Katakana characters affected by rendaku
|  | Before rendaku |  |  |  |  |
| a | i | u | e | o |
| K | カ ka [ka] | キ ki [ki] | ク ku [kɯ] | ケ ke [ke] | コ ko [ko] |
| S | サ sa [sa] | シ shi [ɕi] | ス su [sɯ] | セ se [se] | ソ so [so] |
| T | タ ta [ta] | チ chi [tɕi] | ツ tsu [tsɯ] | テ te [te] | ト to [to] |
| H | ハ ha [ha] | ヒ hi [çi] | フ fu [ɸɯ] | ヘ he [he] | ホ ho [ho] |
|  | After rendaku (with dakuten) |  |  |  |  |
| a | i | u | e | o |
| G | ガ ga [ɡa] | ギ gi [ɡi] | グ gu [ɡɯ] | ゲ ge [ɡe] | ゴ go [ɡo] |
| Z | ザ za [(d)za] | ジ ji [(d)ʑi] | ズ zu [(d)zɯ] | ゼ ze [(d)ze] | ゾ zo [(d)zo] |
| D | ダ da [da] | ヂ ji [(d)ʑi] | ヅ zu [(d)zɯ] | デ de [de] | ド do [do] |
| B | バ ba [ba] | ビ bi [bi] | ブ bu [bɯ] | ベ be [be] | ボ bo [bo] |

===Examples===
The following table shows an example of rendaku for each major allophone of the eligible consonant sounds:

Rendaku examples
| Change | Example |
|---|---|
| [k] k → [ɡ~ŋ] g | te (て, hand) + kami (かみ, paper) → tegami (てがみ, letter) |
| [s] s → [(d)z] z | kuro (くろ, black) + satō (さとう, sugar) → kurozatō (くろざとう, brown sugar) |
| [ɕ] sh → [(d)ʑ] j | tate (たて, vertical) + shima (しま, stripe) → tatejima (たてじま, vertical stripe) |
| [t] t → [d] d | hi (ひ, fire) + tane (たね, seed) → hidane (ひだね, spark) |
| [ts] ts → [(d)z] z | ari (あり, ant) + tsuka (つか, mound) → arizuka (ありづか, anthill) |
| [tɕ] ch → [(d)ʑ] j | hana (はな, nose) + chi (ち, blood) → hanaji (はなぢ, nosebleed) |
| [h] h → [b] b | se (せ, back) + hone (ほね, bone) → sebone (せぼね, backbone) |
| [ç] h → [b] b | hana (はな, flower) + hi (ひ, fire) → hanabi (はなび, firework) |
| [ɸ] f → [b] b | kawa (かわ, river) + fune (ふね, boat) → kawabune (かわぶね, river boat) |

== Historical origin ==

The voiced obstruent consonants of modern Japanese come from the prenasalized obstruents of Old Japanese. Rendaku may have originated from the fusion of consonants with preceding nasal sounds derived from reduction of either the genitive postposition (の, no) or the dative postposition (に, ni).

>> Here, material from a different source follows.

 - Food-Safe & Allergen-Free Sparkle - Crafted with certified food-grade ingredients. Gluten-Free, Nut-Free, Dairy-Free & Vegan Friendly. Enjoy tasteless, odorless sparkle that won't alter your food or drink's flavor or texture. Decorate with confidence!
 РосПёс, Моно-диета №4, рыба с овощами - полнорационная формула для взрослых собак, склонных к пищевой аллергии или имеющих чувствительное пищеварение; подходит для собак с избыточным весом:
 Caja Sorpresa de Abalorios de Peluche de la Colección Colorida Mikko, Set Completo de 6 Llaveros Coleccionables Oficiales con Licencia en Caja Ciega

For example, copper pheasant (やまどり, yamadori) may be derived from yama-no-tori "mountain-gen bird", by means of no fusing with the following //t// to form prenasalized /[ⁿd]/ in Old Japanese. This hypothesis helps explain why rendaku is not found in all compound words. If some compounds were originally formed with no or ni, but others were formed through simple juxtaposition of roots, then rendaku would develop regularly only in the first category.

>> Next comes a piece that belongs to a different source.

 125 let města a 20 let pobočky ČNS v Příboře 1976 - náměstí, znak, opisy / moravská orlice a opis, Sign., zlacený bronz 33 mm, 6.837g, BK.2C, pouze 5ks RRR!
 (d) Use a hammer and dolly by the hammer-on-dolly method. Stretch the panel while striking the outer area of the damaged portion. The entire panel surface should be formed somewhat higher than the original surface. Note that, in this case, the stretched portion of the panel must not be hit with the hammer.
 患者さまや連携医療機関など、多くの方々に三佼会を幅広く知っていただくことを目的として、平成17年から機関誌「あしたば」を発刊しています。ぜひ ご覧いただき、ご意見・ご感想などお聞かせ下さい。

By the Old Japanese period, rendaku had already become grammatically distinct from constructions with no or ni. This is shown by the use of forms such as nadori "your bird": a corresponding phrase with no would be ungrammatical, since the genitive of the pronoun na "you" was formed exclusively with the postposition ga.

==Conditions==
Rendaku occurs most frequently in compounds where the second element is a single morpheme of native Japanese origin that does not already contain a voiced obstruent phoneme. However, even though rendaku is usual in this context, it does not invariably occur: there are numerous exceptions pronounced without rendaku. Some compound words are pronounced with rendaku by some speakers, but without it by other speakers.

Rendaku is blocked when a voiced obstruent phoneme is already present in the second element of the compound. This rule, called Lyman's law, is highly reliable, with only a small number of exceptions.

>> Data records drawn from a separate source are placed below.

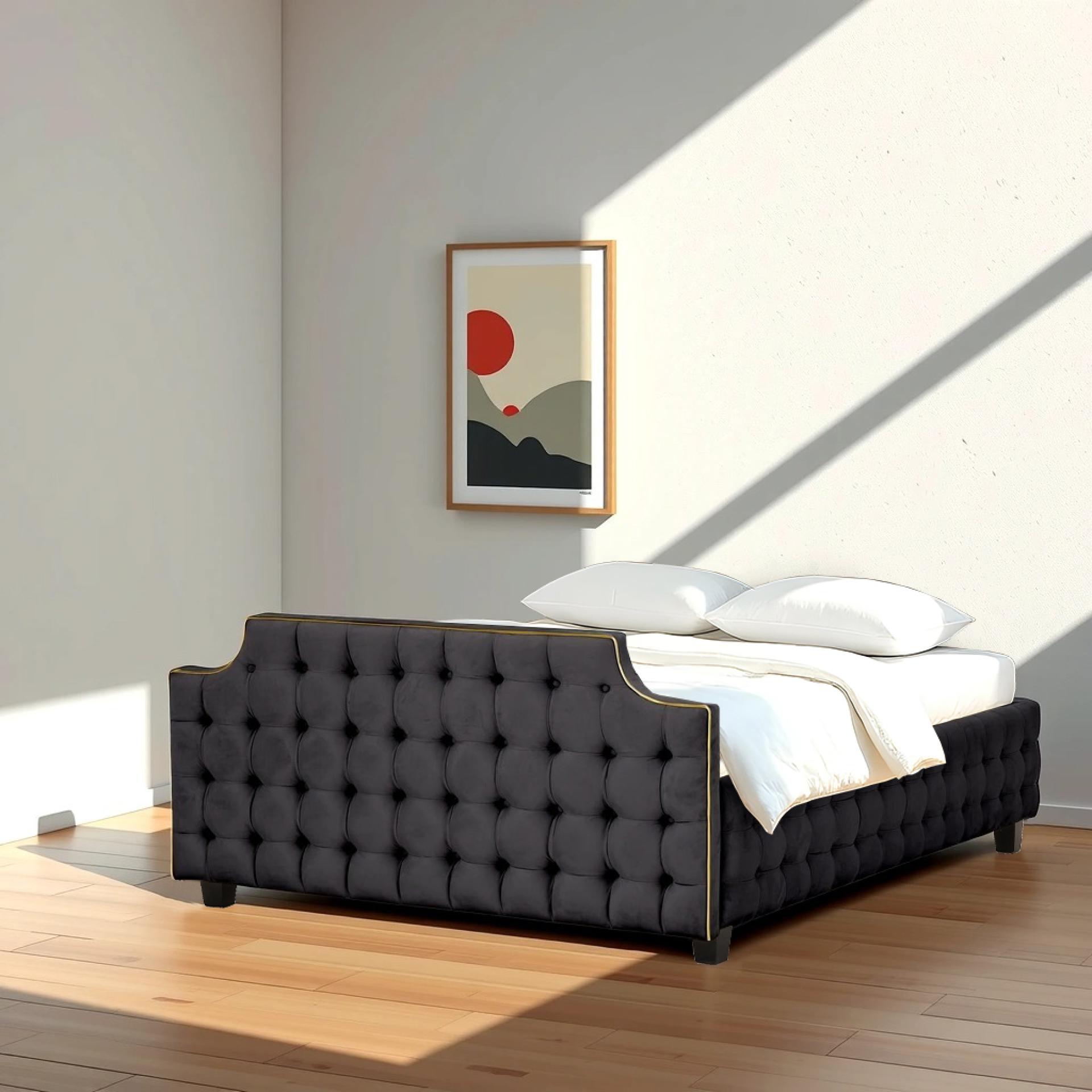 The Banfora Bed offers a luxurious foundation with its tufted velvet footboard and sturdy timber frame. Its low-profile design and plush foam cushioning deliver both style and comfort, making it a standout centrepiece for any bedroom.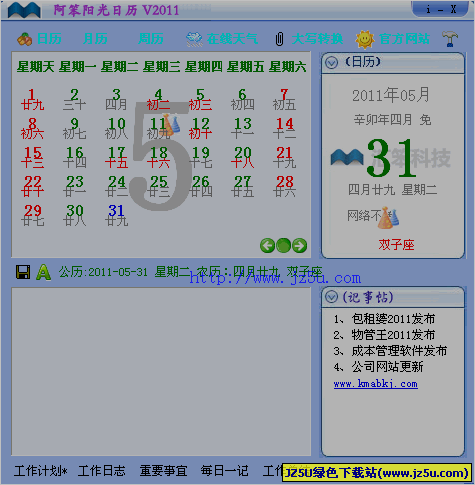 飞雪桌面日历V6.3绿色特别版_多功能桌面万年历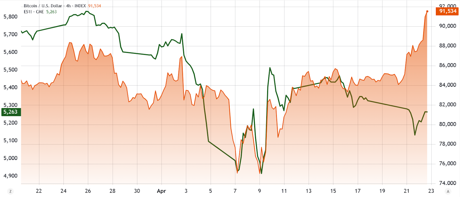 Bitcoin (BTC) surged to a 45-day high above $91,000 on April 22, and the upward movement coincided with gold reaching a new all-time high. The price gains reflect investors’ concerns over a potential economic recession amid ongoing global trade tensions.

Rendaku is also blocked if the second element is a recent loanword from a language other than Chinese (gairaigo). This rule likewise has few exceptions.

Rendaku does not affect most Sino-Japanese elements, but this tendency is less consistent. A substantial minority do undergo rendaku as the second element of a compound. It has been speculated that Sino-Japanese elements that can undergo rendaku might have become "vulgarized", that is, adopted into the same category of vocabulary as native Japanese morphemes.

Other rules have been proposed regarding circumstances where rendaku is either blocked or favored, but often, it is only possible to identify tendencies rather than inviolable rules.

=== Lyman's law ===

Lyman's law is a fundamental constraint on rendaku that prohibits voicing when the second element of a compound already contains a voiced obstruent phoneme (//ɡ//, //z//, //d//, or //b//, including allophones such as /[ŋ]/ and /[dʑ]/). These phonemes are all written with the dakuten and called "muddy sounds" (濁音, dakuon) in Japanese. For example:
- yama + kado → Yamakado (surname) ("mountain" + "gate" → place name). Rendaku does not occur because kado already contains a voiced obstruent consonant phoneme //d//. Therefore, its initial consonant //k// remains voiceless, and the form *Yamagado やまがど does not exist (* indicates a non-existent form).
- hitori + tabi → hitoritabi ("one person" + "travel" → "traveling alone"), not *hitoridabi. Rendaku does not occur because tabi already contains a voiced obstruent consonant phoneme //b//.
- yama + kaji → yamakaji ("mountain" + "fire" → "mountain fire"), not *yamagaji. Rendaku does not occur because kaji already contains a voiced obstruent consonant phoneme //z// (in the form of its allophone j /[(d)ʑ]/).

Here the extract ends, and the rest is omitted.